Routing and Correctness

  • Always define a Default route in Switch nodes
  • Prefer mutually exclusive branch conditions
  • If conditions overlap, explicitly order branches to reflect intended priority

Rate Limiting and User Experience

  • Configure retries carefully to avoid excessive contact attempts
  • Add a Wait node between telephony calls to prevent multiple calls in short intervals due to misconfiguration

Error Handling

  • Review and configure retry settings for every node
  • Prefer Continue on retry exhaust and implement explicit stop logic via workflow routing where required

Types and Timestamps

  • Keep workflow variable types aligned with the values being produced (notably agent outputs)
  • For timestamp comparisons, enforce the UTC format: %Y-%m-%dT%H:%M:%S.%fZ

Infinite Loop Prevention

An infinite loop occurs when a workflow routes back to a previous node and can repeat indefinitely. In the worst case, this results in high-frequency repeated telephony calls (e.g., calls firing every second).

High-Risk Loop Configurations

The following patterns must be avoided to prevent runaway call loops.
This is the most common cause of high-frequency repeated calls. If the Default path (or any branch) routes back to a Telephony node, a Wait node is required before the Telephony node.
Switch nodes must not contain incomplete conditions such as:
  • Variable not selected / missing variable input
  • Comparisons where the left-hand side becomes null (e.g., null == busy, null == no_answer)
This class of misconfiguration can prevent intended branches from matching and cause execution to fall through to Default, which may route back into a retry loop.Observed incident: A Switch node condition was saved without selecting connectivity_status, creating an invalid comparison that did not correctly match busy/no-answer cases. Execution fell to the Default branch which routed back to Telephony without a Wait.
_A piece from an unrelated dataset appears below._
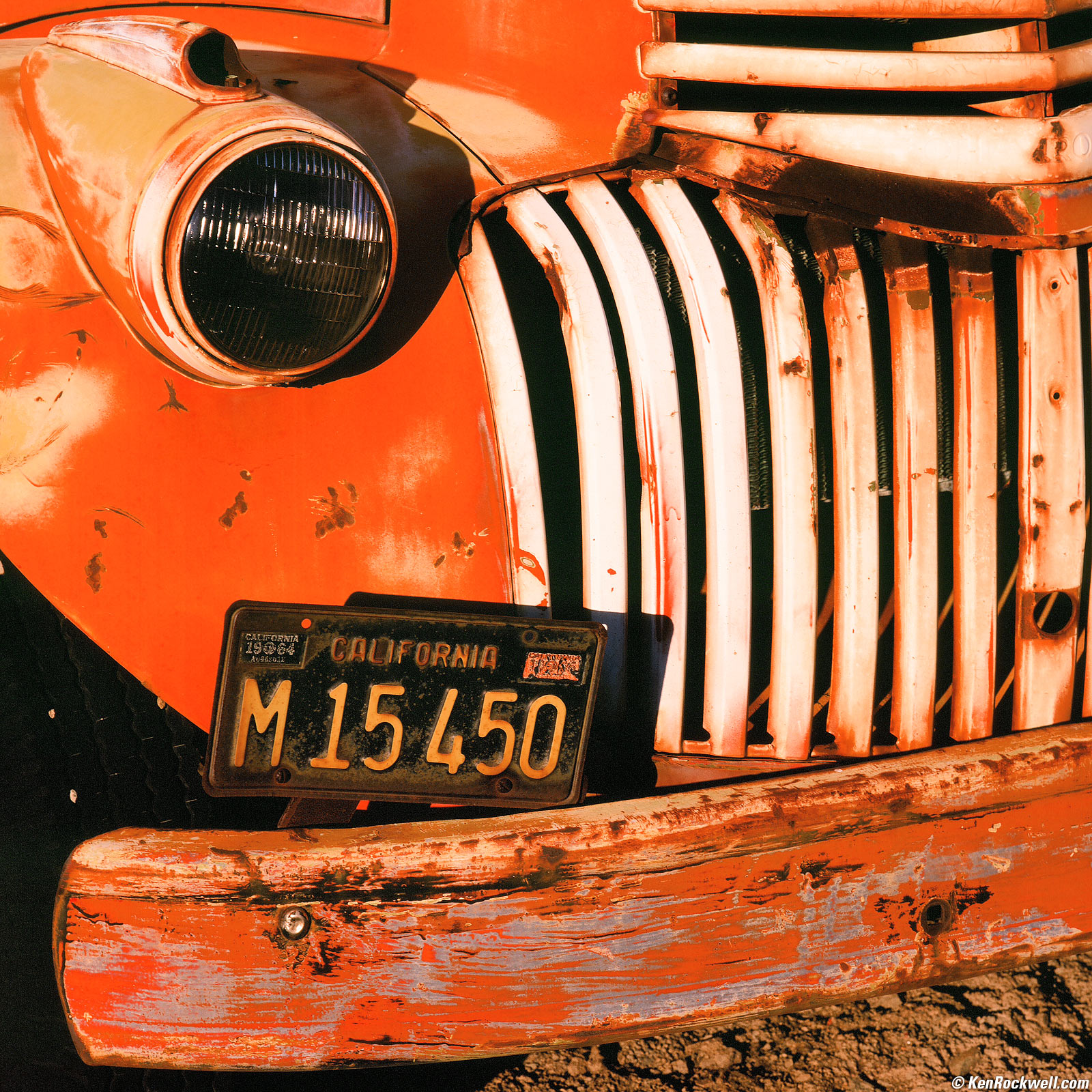 Old Orange and White Truck, Route 66, 4:14 P.M. 1987 Zeiss Sonnar T✻ 150mm f/4 CF with Hasselblad B60 CR 1,5 warming filter, 3 meters focus distance, 1992 Hasselblad 503 CX with 1985 PME metered prism reading EV 13/14, Fuji Velvia in 1996 Hasselblad E24 magazine, f/19 at 1/30. Gossen Luna Pro SBC says EV 13 incident at ASA 40. More technical details. bigger.

Workflow Loop Alerts (Slack)

Automated loop-risk notifications are posted in #workflow-loop-alerts.

What Triggers an Alert

Alerts fire when the system detects loop-like patterns such as high call frequency for a workflow run (e.g., ”≥ 3 calls in 20 minutes”). Alerts typically include:
  • workflow_run_id
  • org_id
  • count
  • reason

Response Procedure

When an alert appears in #workflow-loop-alerts:
1

Containment

  • If repeated calls are ongoing: Pause the workflow campaign immediately
  • If impact is severe or continuing: Cancel the campaign
2

Identify the Loop Path

Find the repeating node sequence. Look specifically for:
  • Missing Wait nodes in retry loops
  • Always-true or invalid conditions (including null comparisons)
  • Empty or incomplete branches
3

Prevent Repeat Impact

  • Use the recovery feature (launching soon) to filter out affected users and restart with a corrected workflow version
  • Commit a new workflow version and run a new campaign against the committed version

Common Bugs and How to Fix Them

1. High-frequency repeated calls caused by Default routing back to Telephony

Symptom: Multiple calls to the same user in seconds or minutes. Root causes:
  • Default branch (or a fallback branch) routes back to Telephony
  • No Wait node exists between Switch and Telephony
Prevention: Default must not route back to Telephony without a Wait.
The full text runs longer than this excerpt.